Односложно охарактеризовать весь спектр амфоровской продукции
невозможно. Количество одних только
тематических
серий приближается к двадцати, причём во
многих из них число позиций насчитывает несколько десятков.
«Амфора» консервативно и неприхотливо штампует всевозможные
«Романтические комедии» или
«Кулинарные
страсти»; при удобном случае
оперативно налаживает выпуск бычков в томате (Горчев,
«Сволочи»),
легко заваривает кашу из топора («Господин
Гексоген» Проханова) и охотно вялит несовместимых, казалось бы,
стариков-разбойников (Косинский, Стругацкие, Лимонов...).
Второпях можно решить, будто бы единственный критерий
амфоровской гастрономии — коммерческий расчет, но и у этого правила,
если присмотреться, оказывается слишком много исключений.

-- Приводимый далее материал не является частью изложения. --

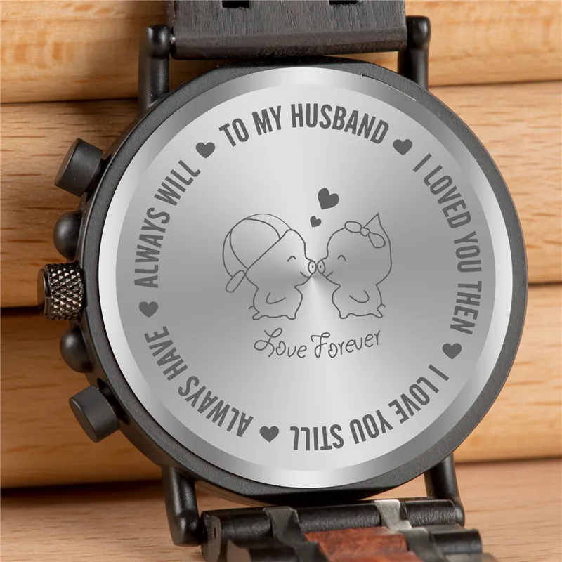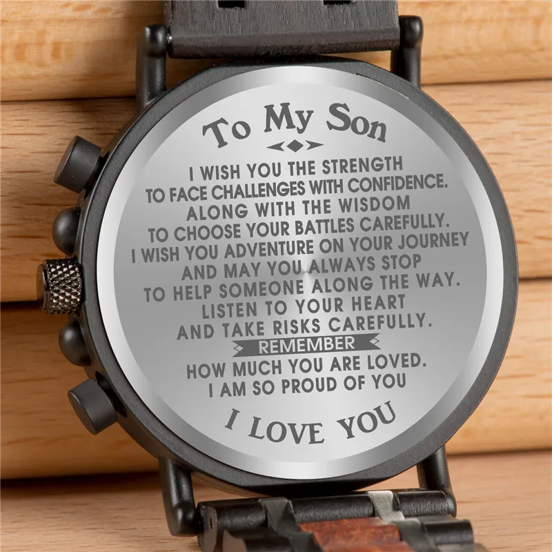 Вы можете персонализировать ваши часы с именем или фразу по вашему выбору. Задняя часть этих часов выгравирована, чтобы сделать это действительно уникальным и личным подарком, который будет цениться годами.
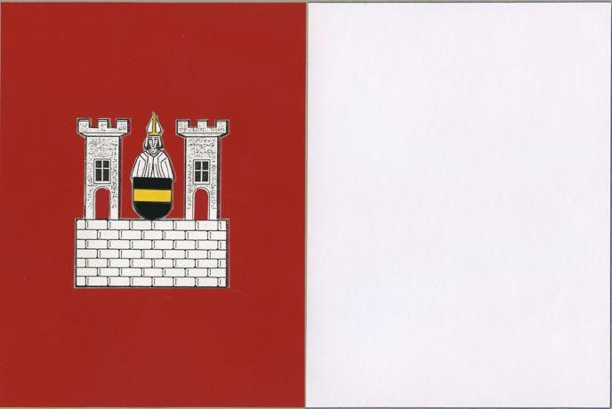 List tvoří červené žerďové a bílé vlající pole. V červeném poli bílý obdélníkový emblém se zdí, dvěma věžemi a figurou biskupa za černým štítkem se žlutým břevnem z městského znaku. Šířka emblému se rovná 1/4 délky listu. Poměr šířky k délce listu je 2:3.

Такая же чехарда и с идеологией. Когда-то казалось, что издательство
тяготеет к пресловутому «имперскому стилю» (ближайшее
окружение издательства,
открытое письмо В. В. Путину,
некоторые
«тенденциозные» издания). Но после
(дальнейшие перечисления совершенно произвольны) масштабной
коллаборации с Максом Фраем (собрание сочинений, серия
«Из
книг Макса Фрая»);
взаимной информ-поддержки с «Омом» и «МК в Питере»; после
серий
«Поколение
Y»,
«Новая
волна» и, в довершение ко
всему, недавнего выпуска «ультрасовременного» романа Л.
Горалик и С. Кузнецова
«НЕТ»
подозрения в сколько-то последовательном
консерватизме (равно как и в каких бы то ни было убеждениях вообще)

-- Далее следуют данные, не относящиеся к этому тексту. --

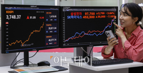 외국인이 3년 국채선물을 대량 순매도한데다, 주식시장이 랠리를 이어간 것도 영향을 미쳤다. 코스피는 오늘도 2% 넘게 폭등해 3700선을 훌쩍 넘기며 이틀연속 사상 최고치를 경신했다.
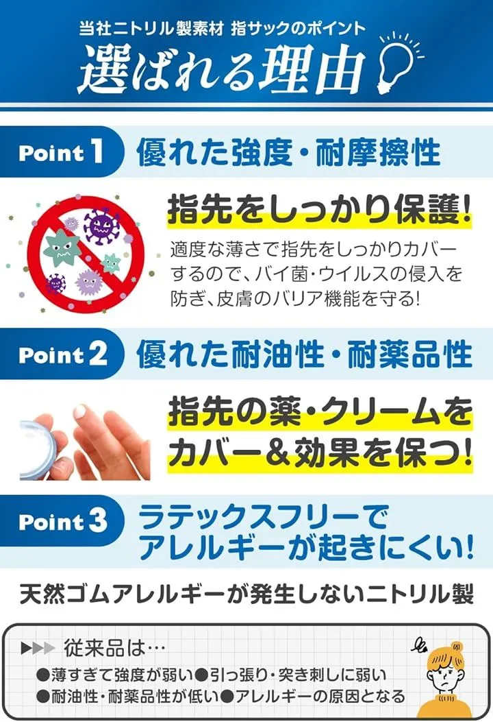「指先にぴったりフィット」既存のニトリル製指サックの伸縮性を改良し、よりフィットする仕様にしました。
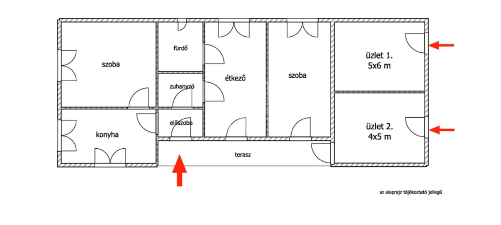 - ház alkalmas 5 szoba kialakítására is, avagy az étkezőt egybevonva az egyik szobával, és az üzleteket szobává alakítva, egy modern 3 hálószoba, plusz nappalis elosztast is ki lehet alakítani!

блаженно самоликвидировались. Стало ясно, что «Амфора»
беспринципна так же, как, скажем, и круг знакомств практически
любого современного человека.
Однако лучше всего политика издательства прослеживается не по
бестселлерам (редкая контора откажется от заведомого куша) — но
именно по срединным, добротным, качественным авторам,
находящихся в его орбите и не гарантирующих своими произведениями
финансового профита. Из таких примерно имён и состоит серия
«Наша марка», которую «Амфора» в прошлом году, казалось,
окончательно забросила, а нынче неожиданно реанимировала выпуском
нескольких более или менее любопытных книг. Вот о них и мы
поговорим.
«Кастрация». Книжку с таким претенциозно-графоманским
названием выпустил некий Станислав Шуляк,
являющийся, по простодушной видимости, графоманом с большим стажем
(уже в нейтральном смысле этого слова — любителем, не
зарабатывающим себе прозой на жизнь). Другую вероятную версию — что
это какой-нибудь хитрый инсайдер, известный в иных ипостасях
и специально для этой своей авантюры надевший маску
неизвестного профана — оставим разрабатывать криминалистам. В книгу
Шуляка вошли два текста: 172-страничная «Кастрация» и
267-страничный «Лука», причём последний датирован 1987–1989
годами. С задней обложки на нас сосредоточенно и хмуро смотрит
автор, похожий на окрепшего Достоевского, в узорчатой шапочке и
цветастом шейном платке. Ещё, в пандан заголовку, там
написано следующее: «Станислав Шуляк — нигилист,
рассудительный циник. Он препарирует своих героев и не оставляет им
надежды (интересное сочетание действий — Е. М.).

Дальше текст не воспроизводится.